Looks good man. We don't do radiant here or any type of hydronic heat here. So it's cool to see stuff like that.


----------



## Mxz--700 (Jul 8, 2011)

Mississippiplum said:


> Looks good man. We don't do radiant here or any type of hydronic heat here. So it's cool to see stuff like that.


 LOTS of fun doing it


----------



## OldSchool (Jan 30, 2010)

Looks good .... but the headers in the wall seems odd

can you get a closer picture of that


----------



## OldSchool (Jan 30, 2010)

How do you balance the loops


----------



## Mxz--700 (Jul 8, 2011)

OldSchool said:


> Looks good .... but the headers in the wall seems odd
> 
> can you get a closer picture of that


 They had to be installed there because of the distance and amt of loops. the house is 4000 square feet of radiant. That is a laundru room with a acess panel for all the valves including the valves for the 2 in wall basin faucets on the opposite room. Balancing is simple.... Never have problems with that because we ensure the loops are exactly the same length. Cant tell you how many Driveways , walks , kitchens and whole houses i have done with no balancing valves and absolusetly no problems. The only thing u will see on a closeup is that there are ballvalves on feed and return of every loop with the handles removed. boilers are about 100 feet away( linear)


----------



## Mxz--700 (Jul 8, 2011)

OldSchool said:


> How do you balance the loops


 The larger mani. is the bedroom and smaller is bathroom, and yes those vents got closed after initial startup. and they have little ball valves on em too. Again no need for balance there as they are all equal.


----------



## futz (Sep 17, 2009)

OldSchool said:


> How do you balance the loops





Mxz--700 said:


> They had to be installed there because of the distance and amt of loops. the house is 4000 square feet of radiant. That is a laundru room with a acess panel for all the valves including the valves for the 2 in wall basin faucets on the opposite room. Balancing is simple.... Never have problems with that because we ensure the loops are exactly the same length. Cant tell you how many Driveways , walks , kitchens and whole houses i have done with no balancing valves and absolusetly no problems. The only thing u will see on a closeup is that there are ballvalves on feed and return of every loop with the handles removed. boilers are about 100 feet away( linear)

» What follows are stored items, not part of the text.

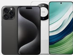
✓ Compatible with Smartphones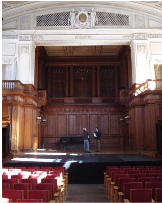
Chapin Hall, the college's largest, seats over 1,000, allowing for big crowds as well as flexibility in performance. Seats were removed when the stage was enlarged, but plenty are left for major concerts.

Practice rooms, on the first floor of the building, had just received a facelift including new paint and carpeting. Professor Bradley Wells, our host at Williams, stated that he felt the 25 or so rooms were adequate for the campus, and was shocked to hear of the lines that form when Amherst students must scramble for rooms. Practice rooms are acoustically separate and plentiful enough to share with the independent a cappella groups on campus. The building houses two classrooms and large choral and instrumental rehearsal rooms. Also in Bernhard is the large electronic music studio/piano lab, with several different stations to allow multiple students to work at once. Off-site, in the main Sawyer Library, is the department's music library. Wells credited its comprehensive collection with helping to keep faculty at the college, and believes that it entices many serious music students and faculty to the college.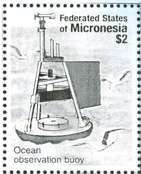
Argos Collects Data From Ocean Buoys Micronesia (Scott 297)

to Argos is found on a 1978 launch cover for TIROS-N , the first satellite to carry the system. The Argos name is not mentioned but the cachet on the cover notes a "Data Collection System" as one of the sensors on this satellite; this was the first of a new generation of NOAA satellites. Argos has been carried on all NOAA satellites from that time forward.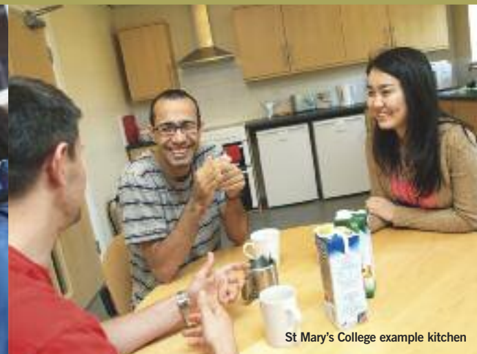
St Mary's College example kitchen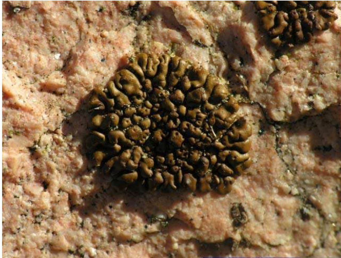
Acarospora rosulata .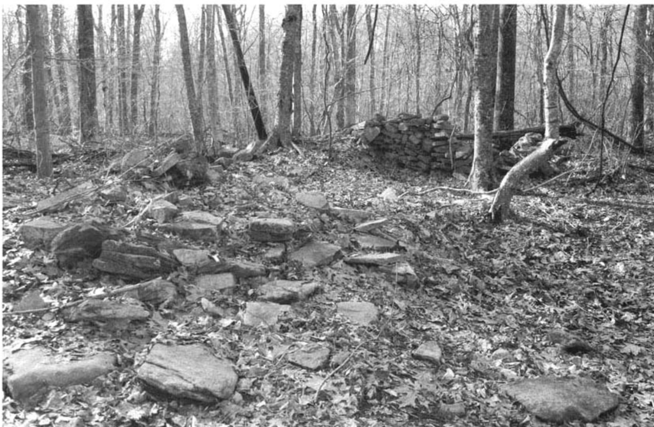
Figure 3. View of Site 102–123, excavated in 2005 and 2006. The rock pile in the foreground is the collapsed chimney stack for a framed house, and the slight depression to the right is the filled-in cellar that sat beneath that house. The stacked rocks in the background compose the small stone-wall enclosure that may have served as the base for a granary. Photograph by the author, 2008.

some nailed elements and at least one glass window pane or, alternatively, a small wooden framed structure with no foundation, no cellar or crawl-space, and no chimney. Excavation revealed three pits of varying size within a space of no more than 30 m 2 that contained a variety of domestic debris. Ceramic vessels and wares included basic redware, Astbury-type ware, Staffordshire slipware, white salt-glazed stoneware, and Brown Reserve porcelain (Silliman and Witt 2009). Iron kettle fragments and a hook were also recovered, as were a musket ball, numerous straight pins, glass beads, and white ball clay pipe fragments. Some glass bottle fragments were present, but not in great numbers. Architectural materials included forged iron nails, a small quantity of window glass, and some post-holes. Food remains include domestic livestock, fish, shellfish, and other foods (Fedore 2008).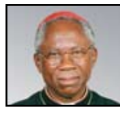
Francis Cardinal Arinze Titular of the Suborbarian Church of Velletri-Segni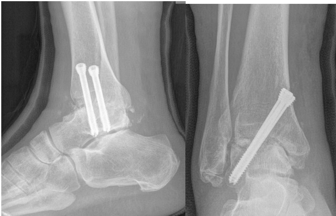
Fig. (5). Non-weight bearing AP and lateral radiographs two weeks after AAA with two parallel HCS compression. Note distal HCS threads are within lateral talar process and proximal covered in thinner medial tibial cortex causing any impingement on soft tissues.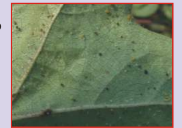
Mummified aphids parasitised by Aphelinus

Common name : Aphid parasitic wasp Scientific name : Aphelinus sp. Family : Aphelinidae Order : Hymenoptera Host insect (s) : Aphids Nature of association : Nymphal and adult parasitoid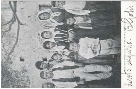
Image: family group Text: Consequences of malaria neglected Notes: used: Rome: July 25, 1916 Price: E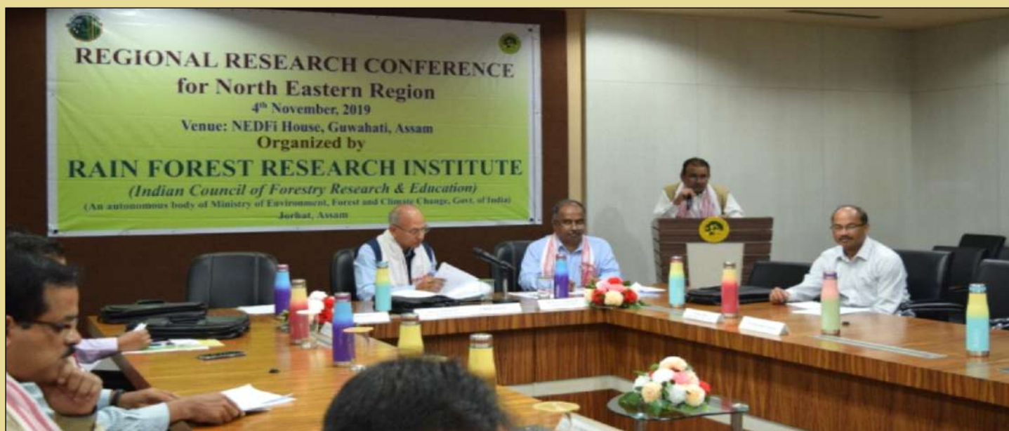
Regional Research Conference for the Northeastern region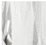
Diamond Clear Soda Glass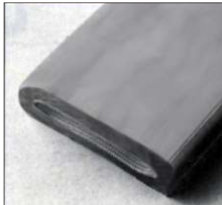
Sobitex double sided anti-cutting sleeve.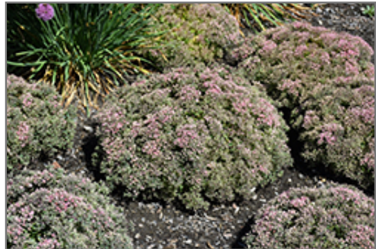
Rock 'N Round Pride and Joy Stonecrop in bloom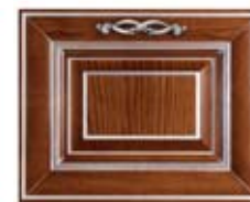
tinto ciliegio (opz. P32A) stained cherry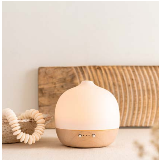
electric diffuser lamp ceramic and bamboo 20EDAC rrp £78 trade £35 minimum order 6

I put balancing valves on my loop returns because they're required here and because I think it's a good idea and because they're useful for purging one line at a time. But in the twenty-some years I've been doing this you know how many times I've ever used one for actually balancing room/area temperatures? Not once. Not ever. Zip. Zilch. Nada. :laughing: Never had any reason to. And my loops are almost never "exactly the same length". Whatever... I like having the expensive useless things there for purging anyway...


----------



## Mxz--700 (Jul 8, 2011)

futz said:


> I put balancing valves on my loop returns because they're required here and because I think it's a good idea and because they're useful for purging one line at a time. But in the twenty-some years I've been doing this you know how many times I've ever used one for actually balancing room/area temperatures? Not once. Not ever. Zip. Zilch. Nada. :laughing: Never had any reason to. And my loops are almost never "exactly the same length". Whatever... I like having the expensive useless things there for purging anyway...


Yeah i have a ball valve on each line to shut em off and purge each independantly, but the handles are off and you cant see em. As for getting the loops exact, that is why the manifold is remote and i do waste if needed. they are pretty damn close to exact though. Real anal about that stuff....


----------



## Piper34 (Oct 10, 2011)

Quick track a great product expensive but worth it


----------



## Mxz--700 (Jul 8, 2011)

Piper34 said:


> Quick track a great product expensive but worth it


Definitely , makes for a quality job . Only thing I use on wood now.


----------